# Saved data entries
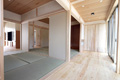 室内の壁は漆喰で仕上げ、その良さを生かすために天井や床も天然の無垢材を使用。奥様が選んだピンクの縁がアクセントとなった畳も天然素材のものこだわりました。
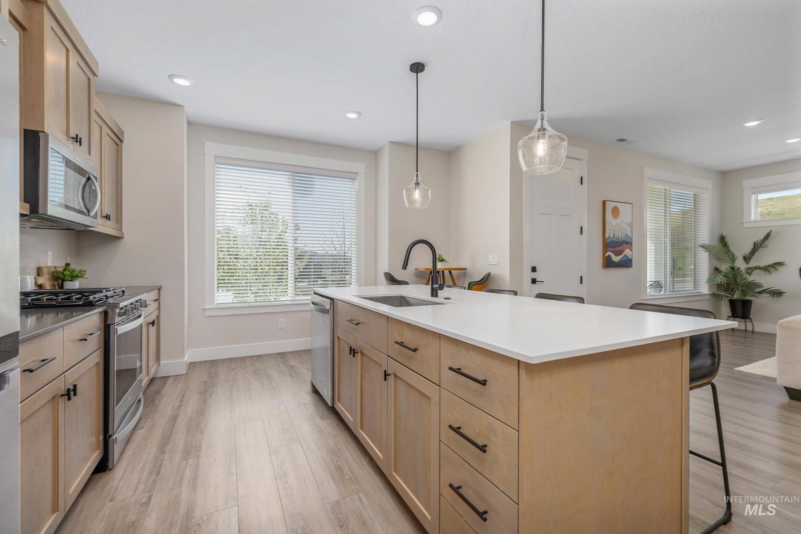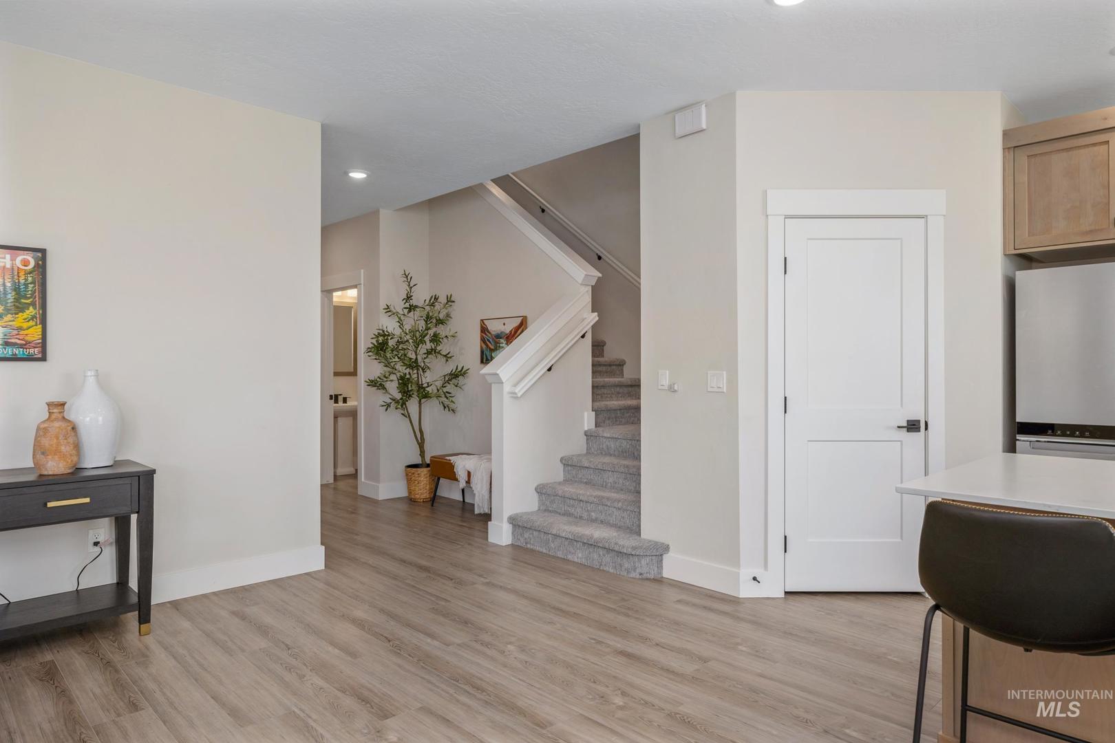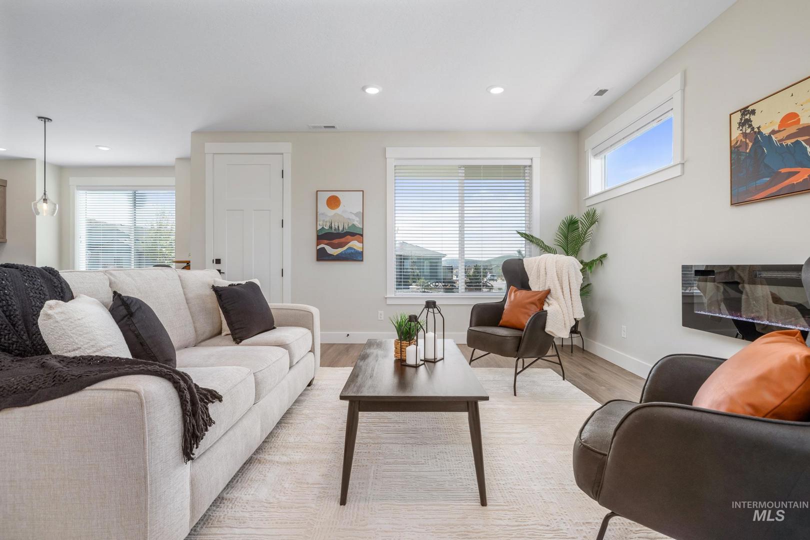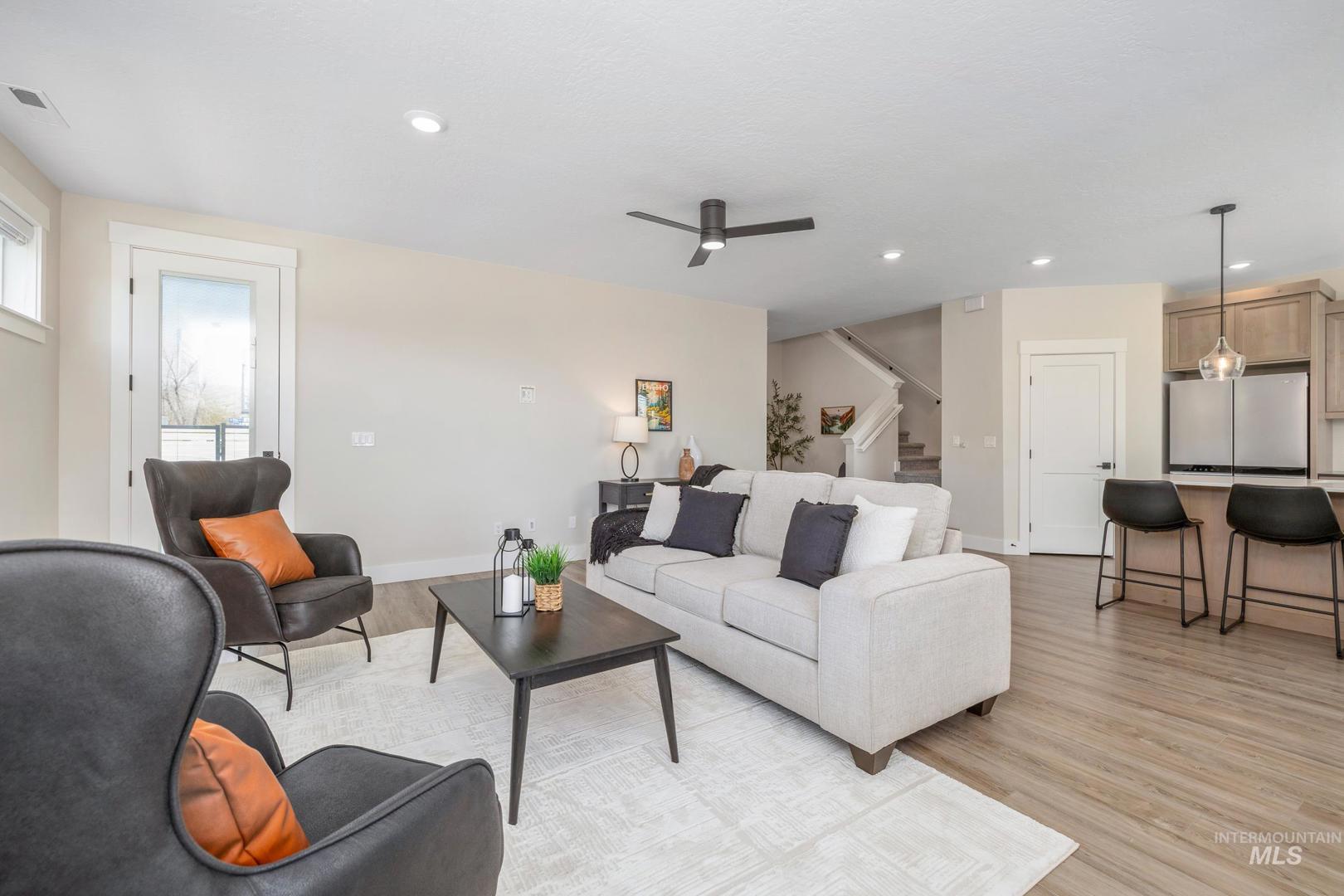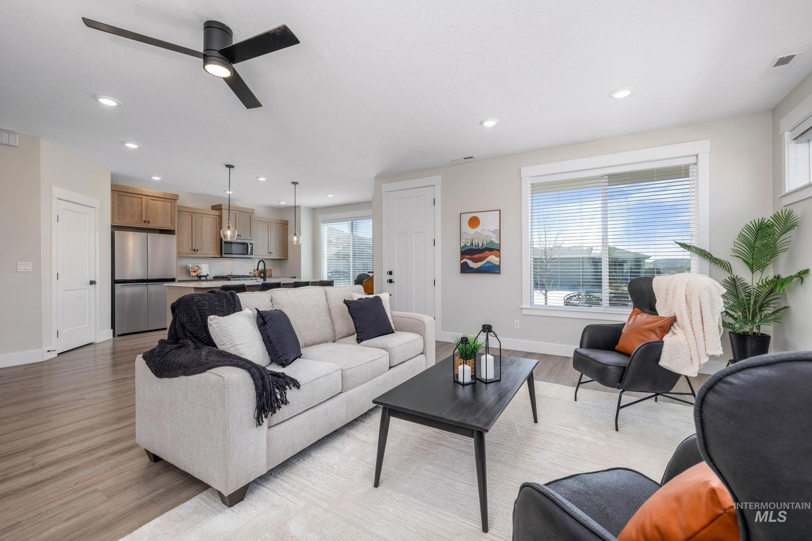 Better than new, this end-unit townhome in Avimor offers privacy, thoughtful upgrades, and an ideal layout. The main level features open-concept living with a family room and electric fireplace that opens to a private patio. The kitchen is designed for both function and style with quartz countertops, stainless steel appliances, island with breakfast bar & pantry. The main-level primary suite includes dual vanities, tile shower & walk-in closet. A half bath & laundry room complete the main floor. Upstairs, enjoy a generous bonus room or loft, two additional bedrooms, and a full guest bath. The oversized two-car garage offers extra space on both sides for storage or flexibility. Located in the heart of Avimor, this home provides access to a truly unmatched lifestyle with the outdoor pool just 0.2 miles away, plus community center featuring an indoor pool, fitness center, library, meeting spaces & year-round events. Residents enjoy over 100 miles of hiking/biking trails, parks, playgrounds, sports courts including tennis, pickleball, basketball, soccer fields, fishing pond & outdoor amphitheater. The community also offers a K–8 charter school and early learning center opening soon, along with the convenience of an on-site restaurant/brewery, coffee shop & gas station/market, creating a connected, amenity-rich lifestyle right at your doorstep.
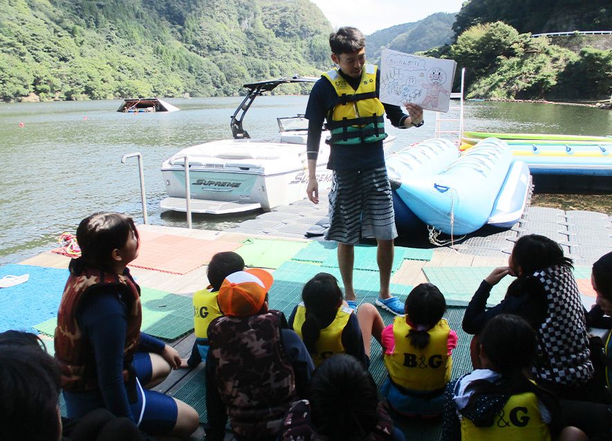 あわせて、水辺の安全教室を行い、落水時の対処法や危険箇所など、安全に楽しく水辺で活動するための要点についても学んだ。
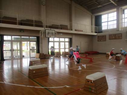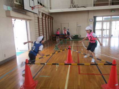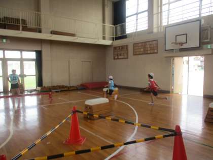 2組の様子です。今日は今まで学んだコツを生かして、障害物を跳び越えたり、くぐったりして鬼ごっこをすることができました。どの子も一生懸命取り組む姿がとても素敵でした。
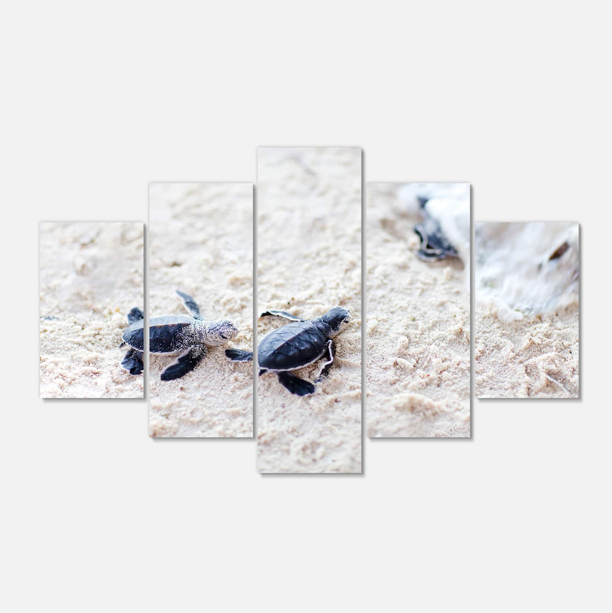 Designart - Baby Green Turtles on Sand - Oversized Animal Wall Art

# ACTIVITY
What you return must match, line for line, the records from the line containing "あわせて、水辺の安全教室を行" through their end, with both ends included and no pictures.

# RESPONSE TO THE TASK
 あわせて、水辺の安全教室を行い、落水時の対処法や危険箇所など、安全に楽しく水辺で活動するための要点についても学んだ。
 2組の様子です。今日は今まで学んだコツを生かして、障害物を跳び越えたり、くぐったりして鬼ごっこをすることができました。どの子も一生懸命取り組む姿がとても素敵でした。
 Designart - Baby Green Turtles on Sand - Oversized Animal Wall Art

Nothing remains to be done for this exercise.